DG 307 was a Czech underground rock band founded in 1973 in Prague by Milan Hlavsa and Pavel Zajíček. The group has been inactive since 2016.

Overview
Bass guitarist Milan Hlavsa and poet Pavel Zajíček launched DG 307 in 1973, taking the name from a psychiatric diagnosis that allowed young men to obtain a blue booklet and thus avoid compulsory military service. Together with the Plastic People of the Universe, a band Hlavsa had also been a member of, DG 307, among other underground ensembles, was a target of persecution by the communist regime.

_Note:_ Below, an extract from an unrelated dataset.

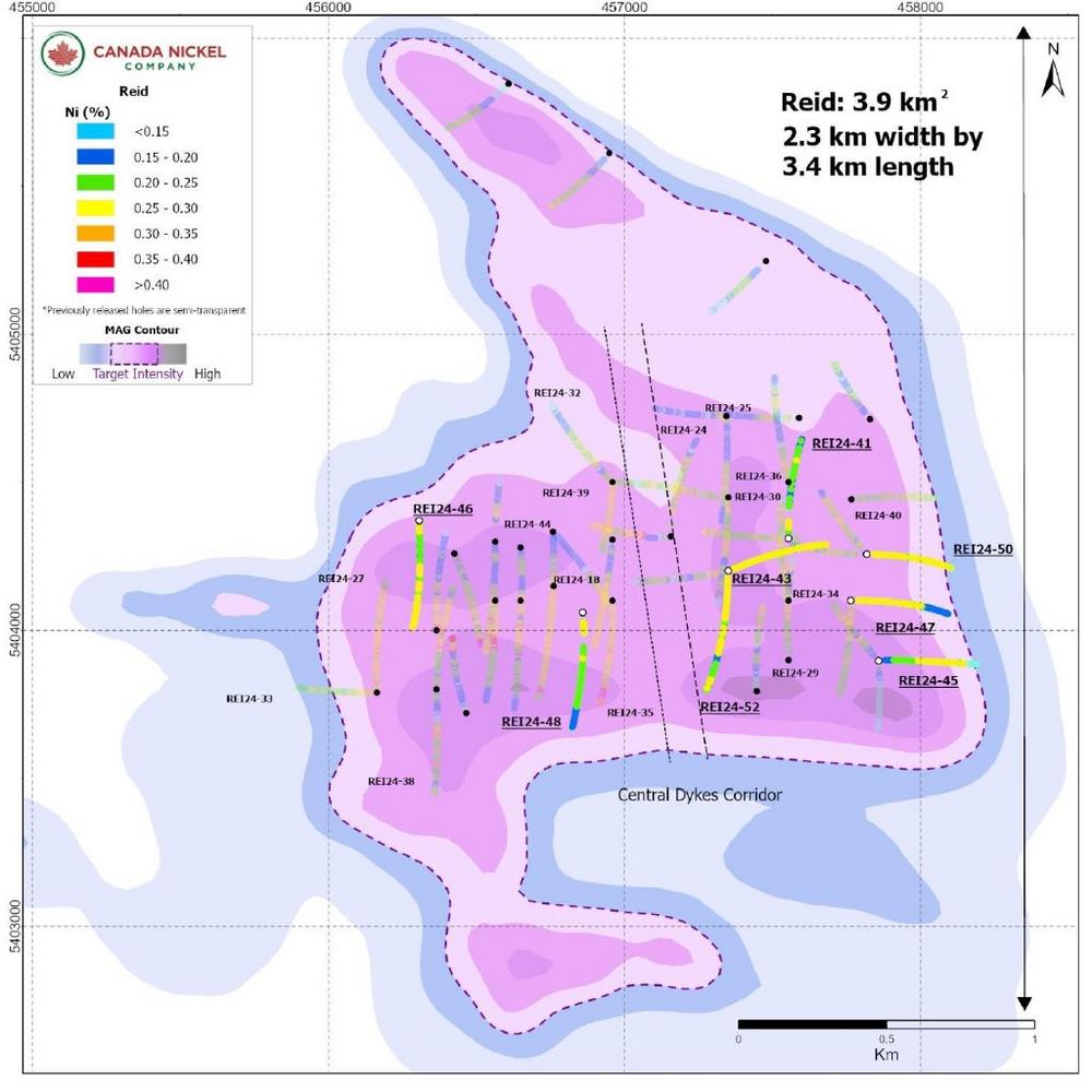 Canada Nickel hat im Rahmen seines Bohrprogramms 2024 bei Reid 26.061 Meter aus 41 Löchern gebohrt. Die Bohrkampagnen 2023 und 2024 haben einen mineralisierten ultramafischen Körper mit einer Streichlänge von 2,2 Kilometern und einer Breite von bis zu 1,0 Kilometern und bis zu einer Tiefe von 650 Metern innerhalb des zentralen Kerns des geophysikalischen Fußabdrucks des Ziels mit insgesamt 32.893 Metern in 57 Bohrlöchern abgegrenzt. Die Anomalie ist nach Norden, Süden und in der Tiefe weiterhin offen (siehe Abbildung 1).

The repression climaxed in 1976, when Zajíček was arrested and imprisoned for a year, allegedly for disorderly conduct. After his release, only two DG 307 concerts took place, in 1979. In 1980, Zajíček emigrated and the group went on indefinite hiatus. The Velvet Revolution in 1989 made it possible for Zajíček to return to his homeland, at which point he reestablished the band and became its lead singer. Since 2016, the group has been inactive due to Zajíček's health.

The only permanent member of DG 307 throughout its existence was Pavel Zajíček. The group had a rotating membership of musicians that at various times included Josef Janíček, Jan Sahara Hedl, and Eva Turnová.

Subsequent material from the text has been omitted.